All apple trees require a second variety for pollination, but any apple or crabapple blooming at the same time, within a quarter mile, will probably do.

Planting distance depends on the rootstock:
Plant standard trees (A) 25-30' apart.
Plant Bud 118 (B) rootstocks 20-25' apart.
Plant M111 (C) rootstocks 15-20' apart.
Plant Bud 9 (D) rootstocks 5-10' apart.

Each apple variety has a climate range where it will thrive and produce its best fruit. At the end of each apple description we list a range of zones. For example, Z3-4 signifies that this apple will reach perfection in Zones 3 and 4 and that we don’t recommend it farther south even though it would be plenty hardy. Z4-6 means that this apple will reach perfection in Zones 4, 5 or 6. Although we have received reports from southern areas that some of our rarest Maine apples are thriving, we suggest you use this guide to select apples most appropriate to your area.

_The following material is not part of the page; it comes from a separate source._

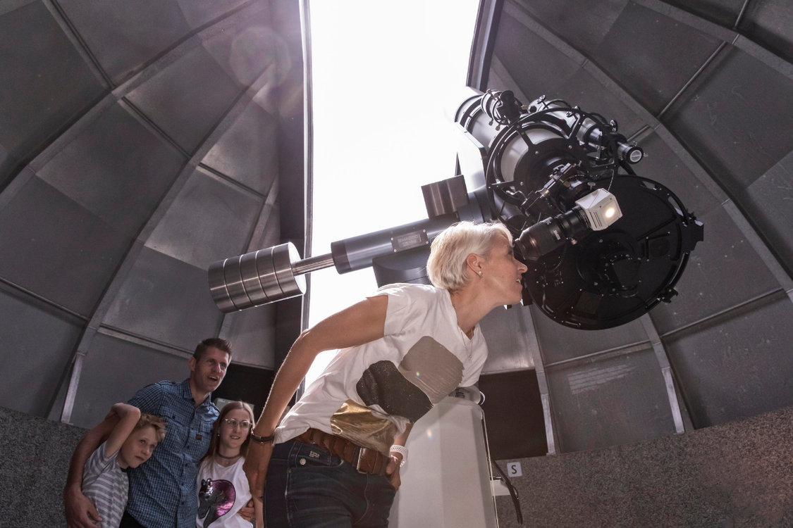 Zusammen wird der aktuelle Sternenhimmel betrachtet, Galaxien und Sternbilder erspäht. Auch für bedeckten Himmel oder Regen ist vorgesorgt: In der Planetariums-Kuppel kann durch modernste Technik der aktuelle Sternenhimmel auf eine 360°-Leinwand projiziert werden.

Varieties bearing annually are noted; others normally bear every other year. With diligent annual pruning and thinning, most apples will produce an annual crop, one heavy, the next light.

• Click here for more info about apples.
• Click here for more info about cider apples.
• Click here for our interactive chart Pick the Right Apple.
• Click here for more information about rootstocks.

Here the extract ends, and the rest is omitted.